Vu les articles 546, alinéa 1er, 550, 638, 633 et 565 du code de procédure civile :

4. Aux termes des deux premiers de ces textes, le droit d’appel appartient à toute partie qui y a intérêt, si elle n’y a pas renoncé et l’appel incident peut être formé, en tout état de cause.

5. Par application du troisième, après cassation, l’affaire est à nouveau jugée en fait et en droit par la juridiction de renvoi à l’exclusion des chefs non atteints par la cassation.

6. Conformément aux deux derniers, la recevabilité des prétentions nouvelles est soumise aux règles qui s’appliquent devant la juridiction dont la décision a été cassée de sorte que les prétentions ne sont pas nouvelles dès lors qu’elles tendent aux mêmes fins que celles soumises au premier juge, même si leur fondement juridique est différent.

7. Pour déclarer irrecevable l’appel incident de l’emprunteur et rejeter toutes les demandes de ce dernier, l’arrêt relève qu’à la suite de la cassation de l’arrêt confirmatif ayant accueilli la demande en annulation de la stipulation d’intérêts conventionnels, l’emprunteur demande à la cour de renvoi, sur appel incident, d’infirmer le jugement en ce qu’il a prononcé la nullité de la stipulation d’intérêts conventionnels et, statuant à nouveau, de prononcer la déchéance totale du droit aux intérêts du prêt, cependant que le jugement a intégralement fait droit à ses demandes.
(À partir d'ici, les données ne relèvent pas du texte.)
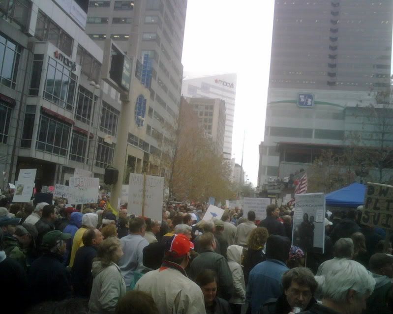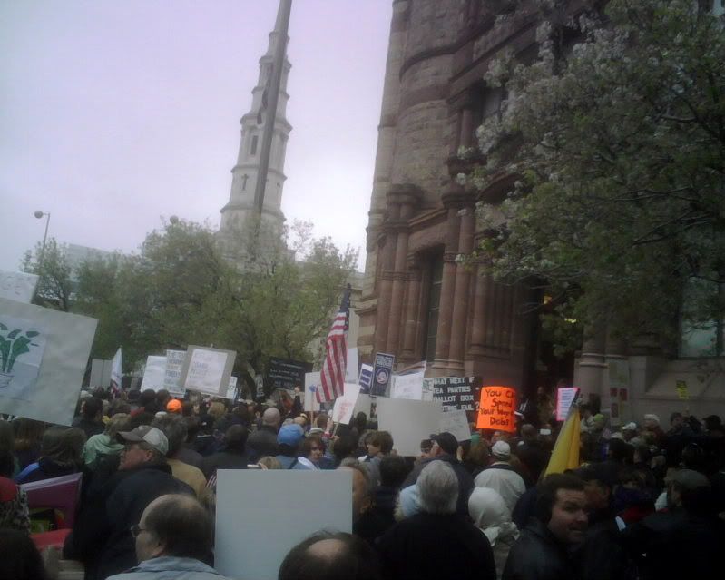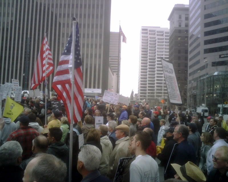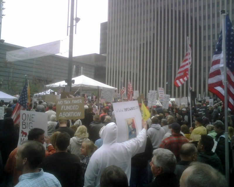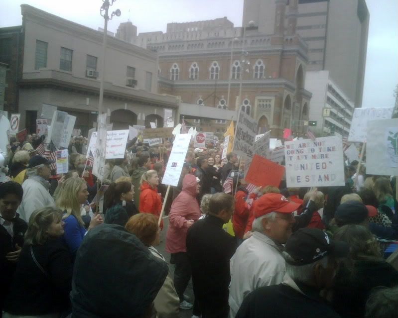 I just got back from the tea party in Cincy... Looked to be about 6-7,000 people and 3 protestors... I stood next to them of course, and watched as every single media outlet in the area came over to interview them... Radio, paper and tv...

Il en déduit, faute de succombance en première instance, que cette circonstance rend son appel incident irrecevable le privant d’intérêt pour agir au sens de l’article 546 du code de procédure civile, sans qu’il y ait ainsi lieu d’examiner la recevabilité de la demande nouvelle de déchéance du droit aux intérêts au regard des dispositions de l’article 564 du même code.

8. En statuant ainsi, alors qu’elle avait relevé que l’arrêt de cassation qui la saisissait avait censuré l’arrêt confirmatif rendu au bénéfice de l’emprunteur en ce qu’il avait prononcé la nullité de la stipulation d’intérêts conventionnels, ce qui autorisait ce dernier à former un appel incident pour se conformer à la doctrine de la Cour et saisir la cour de renvoi d’une demande, tendant aux mêmes fins que celle en nullité, visant à priver le prêteur de son droit à des intérêts conventionnels, la cour d’appel, qui n’a pas tiré les conséquences légales de ses propres constatations, a violé les textes susvisés.